# Data extracts
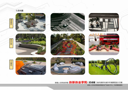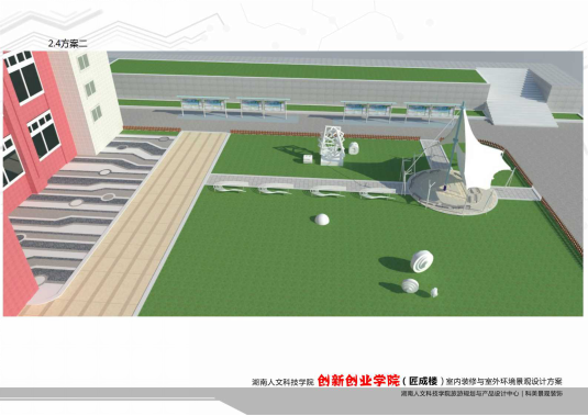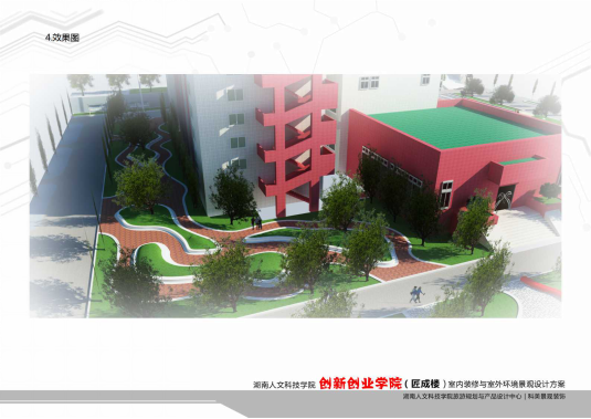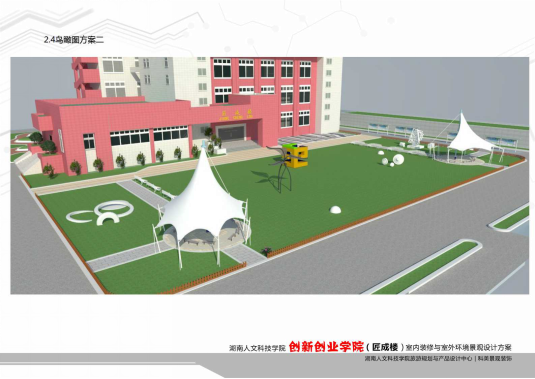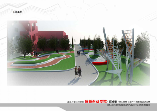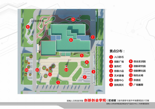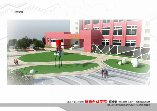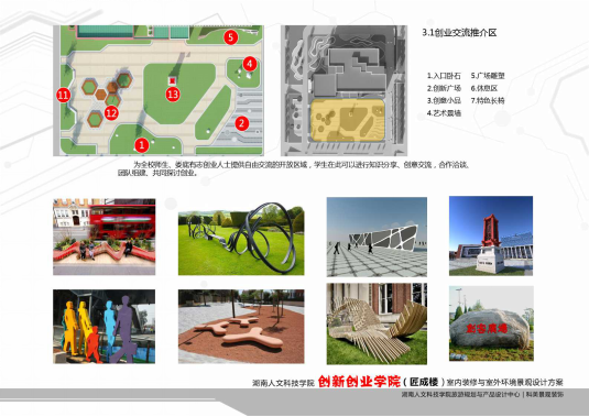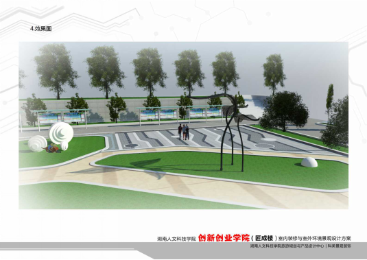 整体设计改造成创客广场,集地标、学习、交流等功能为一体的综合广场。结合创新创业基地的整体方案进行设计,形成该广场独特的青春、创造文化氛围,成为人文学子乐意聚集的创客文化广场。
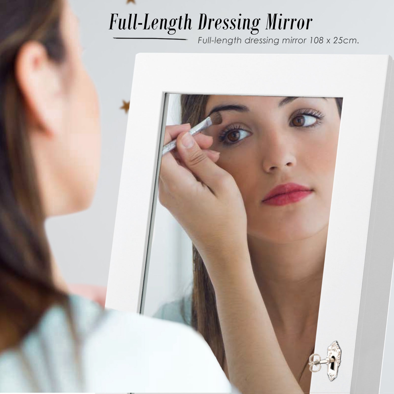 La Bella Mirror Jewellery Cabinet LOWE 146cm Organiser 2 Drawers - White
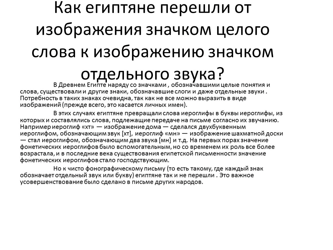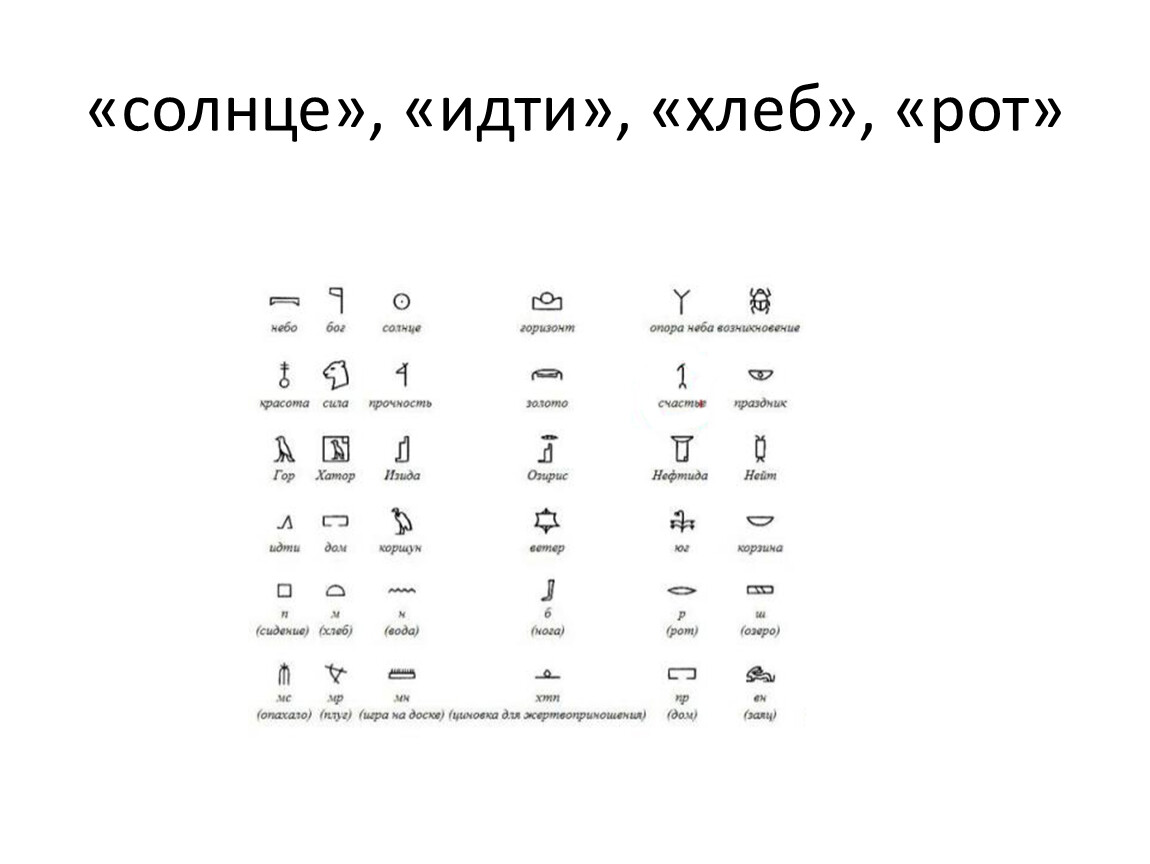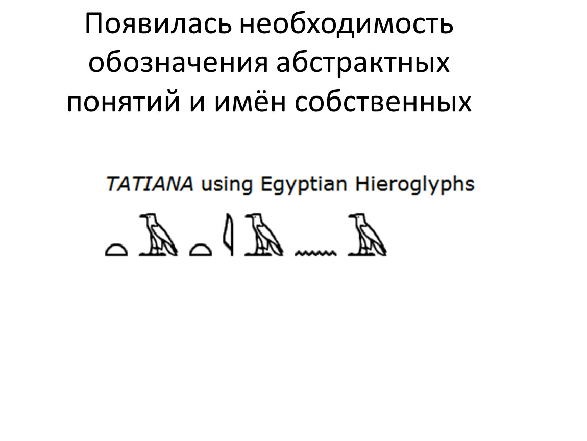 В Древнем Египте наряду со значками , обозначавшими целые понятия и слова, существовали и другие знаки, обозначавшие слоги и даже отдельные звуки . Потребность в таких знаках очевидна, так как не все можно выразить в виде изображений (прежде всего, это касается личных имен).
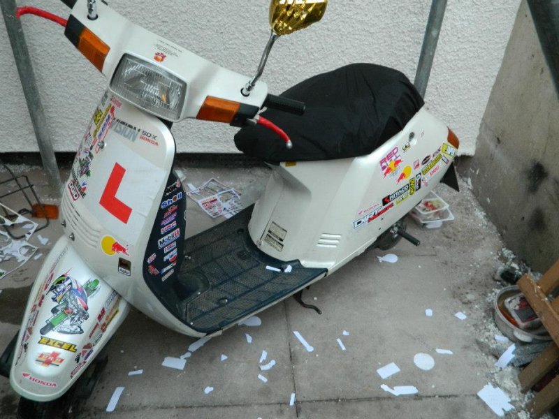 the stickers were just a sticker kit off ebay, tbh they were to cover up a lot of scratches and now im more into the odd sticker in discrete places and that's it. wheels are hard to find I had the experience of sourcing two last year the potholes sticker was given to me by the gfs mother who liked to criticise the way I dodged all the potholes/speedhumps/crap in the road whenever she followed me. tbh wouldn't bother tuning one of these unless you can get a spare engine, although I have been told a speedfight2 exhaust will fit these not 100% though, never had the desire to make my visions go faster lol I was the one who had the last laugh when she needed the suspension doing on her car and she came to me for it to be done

--

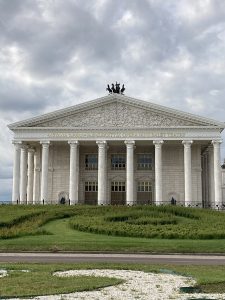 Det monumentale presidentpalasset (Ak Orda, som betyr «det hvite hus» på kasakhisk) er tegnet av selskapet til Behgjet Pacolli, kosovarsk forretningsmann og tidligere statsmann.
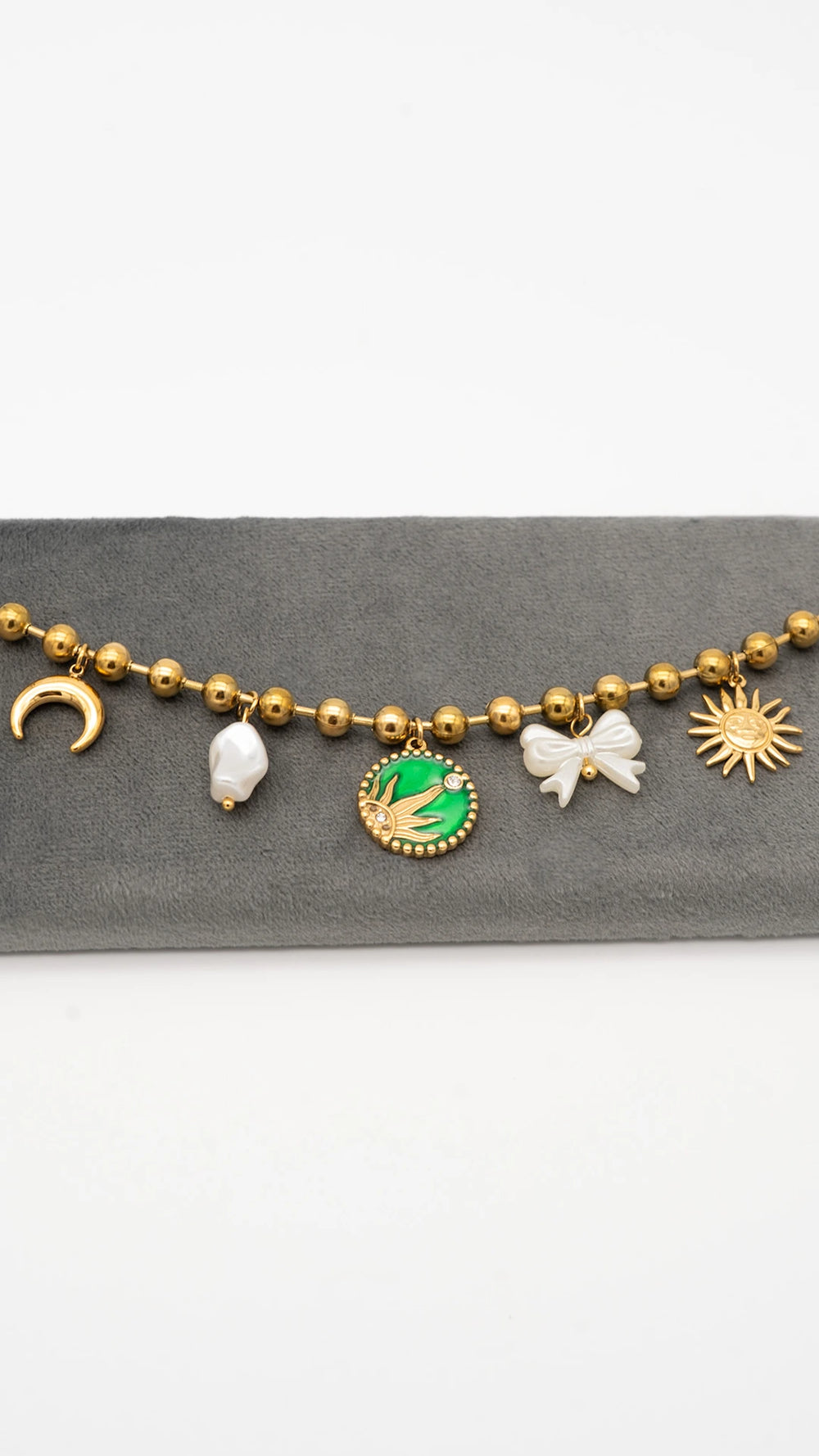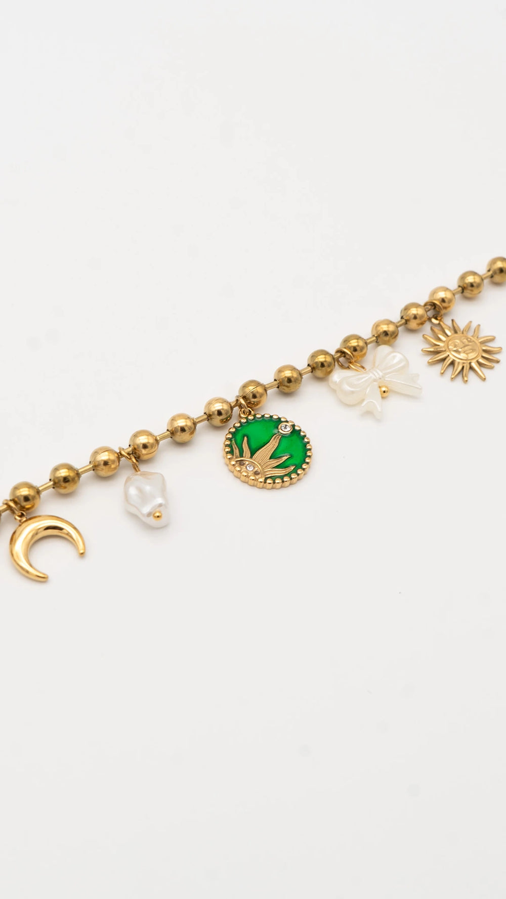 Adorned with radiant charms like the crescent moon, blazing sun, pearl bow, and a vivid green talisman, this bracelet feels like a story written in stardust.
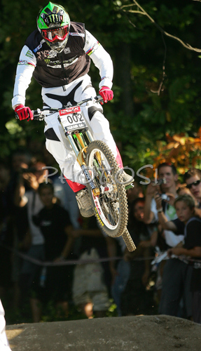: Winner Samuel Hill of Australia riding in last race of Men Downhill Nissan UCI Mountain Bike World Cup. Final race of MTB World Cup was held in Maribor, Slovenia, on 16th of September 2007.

* * *

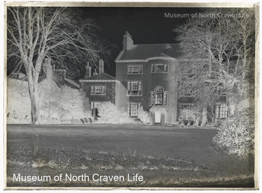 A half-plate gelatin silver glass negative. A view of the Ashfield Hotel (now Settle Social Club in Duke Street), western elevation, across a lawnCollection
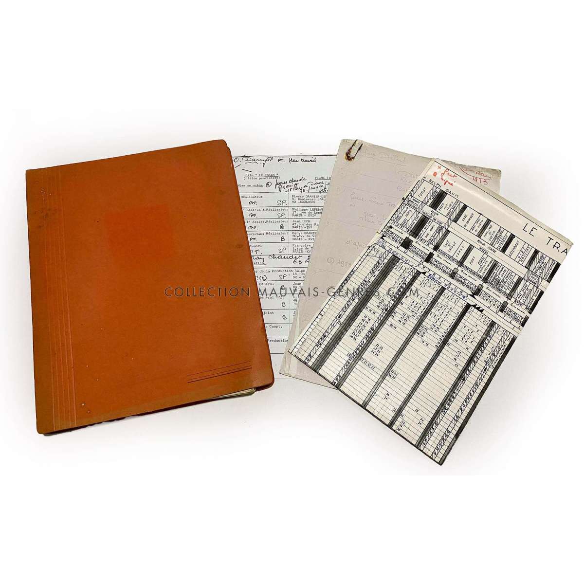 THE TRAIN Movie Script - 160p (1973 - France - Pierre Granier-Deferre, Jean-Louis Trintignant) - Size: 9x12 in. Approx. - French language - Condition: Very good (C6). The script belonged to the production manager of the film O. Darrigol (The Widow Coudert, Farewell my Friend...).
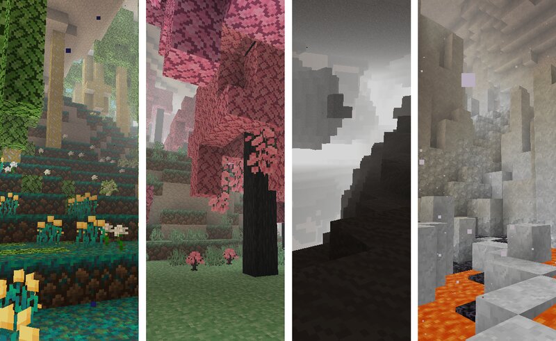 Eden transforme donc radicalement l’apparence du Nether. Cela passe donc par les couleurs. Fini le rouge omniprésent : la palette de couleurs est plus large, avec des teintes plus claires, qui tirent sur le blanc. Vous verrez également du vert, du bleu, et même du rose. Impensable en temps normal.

# About this exercise
Range to copy from the listing above: the line with "La Bella Mirror" through the line with "the stickers were". Transcribe it exactly and skip the pictures.

# Exercise output
 La Bella Mirror Jewellery Cabinet LOWE 146cm Organiser 2 Drawers - White
 В Древнем Египте наряду со значками , обозначавшими целые понятия и слова, существовали и другие знаки, обозначавшие слоги и даже отдельные звуки . Потребность в таких знаках очевидна, так как не все можно выразить в виде изображений (прежде всего, это касается личных имен).
 the stickers were just a sticker kit off ebay, tbh they were to cover up a lot of scratches and now im more into the odd sticker in discrete places and that's it. wheels are hard to find I had the experience of sourcing two last year the potholes sticker was given to me by the gfs mother who liked to criticise the way I dodged all the potholes/speedhumps/crap in the road whenever she followed me. tbh wouldn't bother tuning one of these unless you can get a spare engine, although I have been told a speedfight2 exhaust will fit these not 100% though, never had the desire to make my visions go faster lol I was the one who had the last laugh when she needed the suspension doing on her car and she came to me for it to be done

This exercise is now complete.